In a Redis cluster instance with N data shards, a single shard failure triggers a master-replica failover. During failover — which typically lasts from a few seconds to tens of seconds — all requests routed to that shard fail. If traffic is evenly distributed across shards, the theoretical failure rate is 1/N.
In practice, the actual failure rate often exceeds this theoretical value. The following sections explain the three causes and how to address each one. The examples use a cluster instance that contains two data shards and runs in proxy mode.
In direct connection mode, only multi-key commands cause the actual failure rate to exceed 1/N.
Why the actual failure rate exceeds 1/N
The three causes fall into two layers:
Protocol layer: Multi-key commands that span the failing shard
Client layer: Single-connection async clients and connection pool exhaustion
Multi-key commands touch the failing shard
When a command references keys distributed across multiple shards, a single shard failure can cause the entire command to fail — not just the portion targeting the unavailable shard.
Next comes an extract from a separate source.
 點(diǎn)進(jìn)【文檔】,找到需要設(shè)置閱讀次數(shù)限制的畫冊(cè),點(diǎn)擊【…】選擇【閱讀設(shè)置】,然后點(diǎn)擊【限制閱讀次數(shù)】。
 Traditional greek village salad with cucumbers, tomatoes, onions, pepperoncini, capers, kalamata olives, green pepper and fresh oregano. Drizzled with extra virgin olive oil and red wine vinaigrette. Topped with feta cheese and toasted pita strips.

Proxy mode: The proxy splits multi-key commands into subcommands and routes each one to the corresponding shard via the routing table.
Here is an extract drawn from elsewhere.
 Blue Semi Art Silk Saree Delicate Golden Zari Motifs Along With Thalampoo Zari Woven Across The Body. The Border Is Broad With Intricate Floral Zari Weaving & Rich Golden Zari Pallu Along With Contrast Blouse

Direct connection mode: The client sends each subcommand directly to the corresponding shard.
If any subcommand targets a failing shard, the full request fails, as shown below.
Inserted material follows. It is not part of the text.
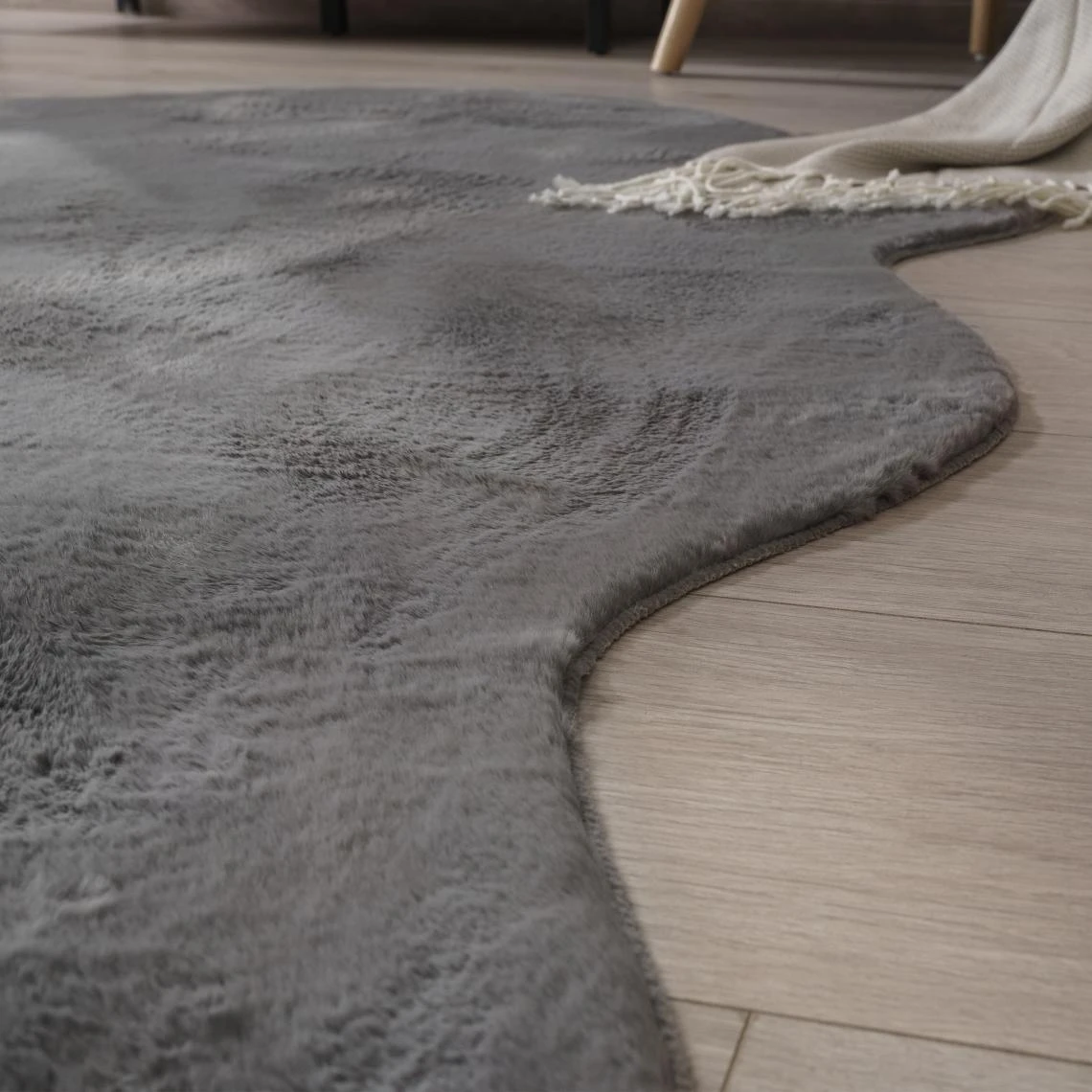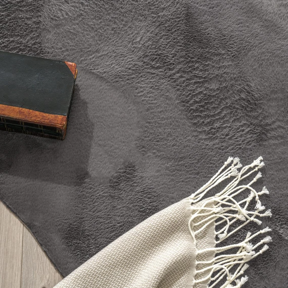 Points forts Paco-Home Tapis Salon Tapis Poils Ras Doux Moderne Monochrome Fausse Fourrure Anthracite

Fix: Minimize the number of keys per command to reduce the blast radius of a shard failure.
Single-connection clients propagate one failure to subsequent requests
Some clients, such as Lettuce, multiplex requests asynchronously over a single connection. Redis Serialization Protocol (RESP) requires responses to be returned in the same order as requests were sent. If an intermediate request fails — for example, GET key2 fails because its target shard is unavailable — the client cannot receive the response to any request sent after it, even if those requests succeeded.
Fix: Switch to a client that supports connection pooling, such as Jedis.
Connection pool exhaustion blocks or fails new requests
Connection pool clients have a configurable maximum number of connections. When all connections are occupied and no idle connections are available, new requests either fail or block — depending on the blockWhenExhausted setting.
Consider a Jedis client with maxTotal set to 3 and timeout set to 2000 ms. If three GET key2 requests are initiated within 2 seconds and the target shard is slow or unresponsive, all three connections stay open until they time out. The pool is exhausted for the full 2 seconds, and any new request during this window either fails immediately or blocks until a connection is released.
Fix: Set an appropriate JedisPool resource pool size and reduce the timeout value to 200–300 ms instead of the default 2,000 ms. A shorter timeout limits how long a failing connection occupies the pool, so healthy requests proceed faster.